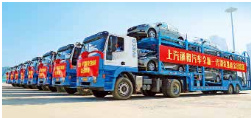
2018 年 6 月 20 日，东岳别克凯越整装待发。

科技创新。全年财政性科技投入 12.6 亿元，占一般公共预算支出的 15.2%。新增高新技术企业 50 家，累计 158 家。新增省级以上企业技术中心 8 家、市级 9 家，累计国家级 5 家、省级 25 家、市级 27 家。新增市级工程技术研究中心 2 家，累计国家级 2 家、省级 16 家、市级 16 家。新增省级工程实验室 2 家、市级 2 家，累计国家级 1 家、省级 10 家、市级 12 家。新增山东省院士工作站 4 家，累计 11 家。国家备案科技型中小企业 193 家。全年新获国家技术发明二等奖 1 项；新获山东省科学技术奖 3 项，其中科技进步一等奖 2 项、技术发明二等奖 1 项。全年发明专利申请量 1586 件，发明专利授权量 307 件。全年国际专利申请量（PCT）20 件，
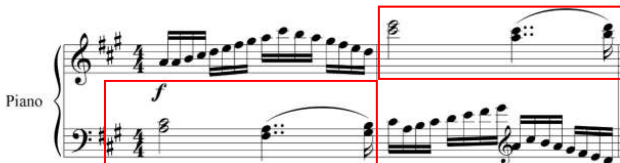
fig. 5 tomado de partituras para piano del concierto para clarinete y orquesta en La Mayor KV622 de Wolfgang Amadeus Mozart, edición Barënreiter.

Finalmente hay una coda del compás 53 al 56. Fig. 6
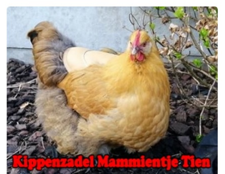
Kippenzadel Mammientje Tien

Worden de hennen toch wat kaal getreden, dan is het verstandig om hen een kippenzadel om te doen. Zo worden rug en veren beschermd en wordt verdere beschadiging effectief voorkomen.
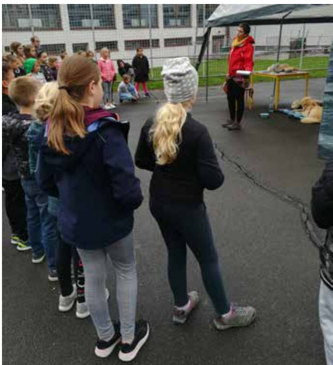
Obiskalo nas je Društvo za zaščito živali Pomurja.

Teden otroka je letos potekal od 7. do 13. oktobra. V tem tednu smo izvedli nekatere dneve dejavnosti. Učenci 4. in 5. razreda so obiskali Mursko Soboto, kjer so spoznavali skrivnosti muzeja in galerije in se srečevali z drugačnostjo, ko so obiskali Center Sonček v Murski Soboti. Učenci prve triade so ustvarjali na temo jesenskih plodov. V tem tednu so si učenci od 1. do 4.
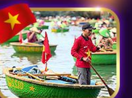
เรือกระด้ง หมู่บ้านกิมกาน
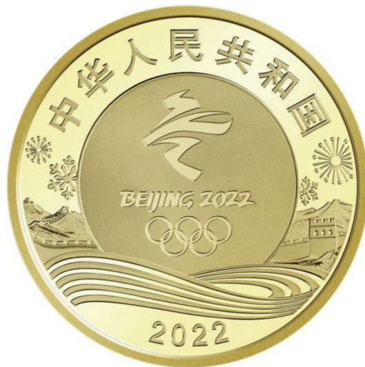
铜合金纪念币——冰上运动项目正面图案
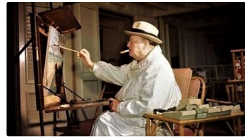
Il était aussi un excellent peintre.
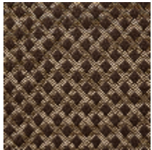
0569-01 QUADRILLE - BRUN

════════════════

The task: All of the preceding material should be output verbatim, with the pictures excluded.

Task solution:
2018 年 6 月 20 日，东岳别克凯越整装待发。

科技创新。全年财政性科技投入 12.6 亿元，占一般公共预算支出的 15.2%。新增高新技术企业 50 家，累计 158 家。新增省级以上企业技术中心 8 家、市级 9 家，累计国家级 5 家、省级 25 家、市级 27 家。新增市级工程技术研究中心 2 家，累计国家级 2 家、省级 16 家、市级 16 家。新增省级工程实验室 2 家、市级 2 家，累计国家级 1 家、省级 10 家、市级 12 家。新增山东省院士工作站 4 家，累计 11 家。国家备案科技型中小企业 193 家。全年新获国家技术发明二等奖 1 项；新获山东省科学技术奖 3 项，其中科技进步一等奖 2 项、技术发明二等奖 1 项。全年发明专利申请量 1586 件，发明专利授权量 307 件。全年国际专利申请量（PCT）20 件，
fig. 5 tomado de partituras para piano del concierto para clarinete y orquesta en La Mayor KV622 de Wolfgang Amadeus Mozart, edición Barënreiter.

Finalmente hay una coda del compás 53 al 56. Fig. 6
Kippenzadel Mammientje Tien

Worden de hennen toch wat kaal getreden, dan is het verstandig om hen een kippenzadel om te doen. Zo worden rug en veren beschermd en wordt verdere beschadiging effectief voorkomen.
Obiskalo nas je Društvo za zaščito živali Pomurja.

Teden otroka je letos potekal od 7. do 13. oktobra. V tem tednu smo izvedli nekatere dneve dejavnosti. Učenci 4. in 5. razreda so obiskali Mursko Soboto, kjer so spoznavali skrivnosti muzeja in galerije in se srečevali z drugačnostjo, ko so obiskali Center Sonček v Murski Soboti. Učenci prve triade so ustvarjali na temo jesenskih plodov. V tem tednu so si učenci od 1. do 4.
เรือกระด้ง หมู่บ้านกิมกาน
铜合金纪念币——冰上运动项目正面图案
Il était aussi un excellent peintre.
0569-01 QUADRILLE - BRUN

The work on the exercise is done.